GOAL OF THE EXERCISE
Wherever the line with "人們刷到了那個奇怪的cos,裏面是一個殘" sits in the listing below, transcribe from it up to and including the line with "Set includes: 3", exactly, and leave the remaining lines out.

DATA TO USE
----
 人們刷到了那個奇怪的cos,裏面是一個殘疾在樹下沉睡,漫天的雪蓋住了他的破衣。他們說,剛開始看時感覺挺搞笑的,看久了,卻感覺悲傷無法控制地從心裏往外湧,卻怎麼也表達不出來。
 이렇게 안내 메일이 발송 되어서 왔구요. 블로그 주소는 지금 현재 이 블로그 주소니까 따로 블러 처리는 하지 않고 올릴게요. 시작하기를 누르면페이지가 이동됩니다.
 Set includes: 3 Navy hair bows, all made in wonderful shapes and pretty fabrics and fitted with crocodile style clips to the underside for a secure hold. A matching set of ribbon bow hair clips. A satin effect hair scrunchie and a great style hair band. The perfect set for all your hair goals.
----
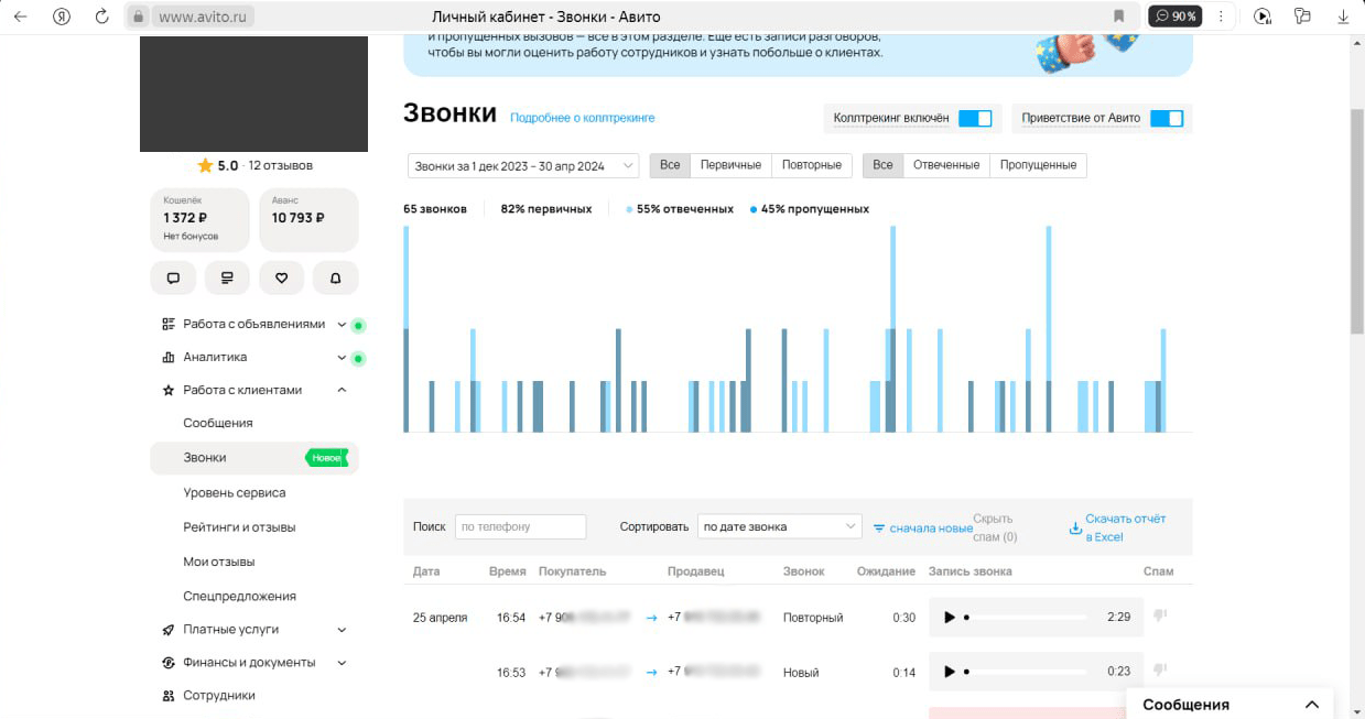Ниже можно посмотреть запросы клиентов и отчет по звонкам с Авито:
----
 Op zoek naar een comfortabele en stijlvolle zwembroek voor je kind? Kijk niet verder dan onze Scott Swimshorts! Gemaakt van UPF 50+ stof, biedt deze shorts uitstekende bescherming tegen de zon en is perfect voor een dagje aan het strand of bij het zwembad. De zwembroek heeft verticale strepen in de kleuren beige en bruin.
----
TASK OUTPUT
 人們刷到了那個奇怪的cos,裏面是一個殘疾在樹下沉睡,漫天的雪蓋住了他的破衣。他們說,剛開始看時感覺挺搞笑的,看久了,卻感覺悲傷無法控制地從心裏往外湧,卻怎麼也表達不出來。
 이렇게 안내 메일이 발송 되어서 왔구요. 블로그 주소는 지금 현재 이 블로그 주소니까 따로 블러 처리는 하지 않고 올릴게요. 시작하기를 누르면페이지가 이동됩니다.
 Set includes: 3 Navy hair bows, all made in wonderful shapes and pretty fabrics and fitted with crocodile style clips to the underside for a secure hold. A matching set of ribbon bow hair clips. A satin effect hair scrunchie and a great style hair band. The perfect set for all your hair goals.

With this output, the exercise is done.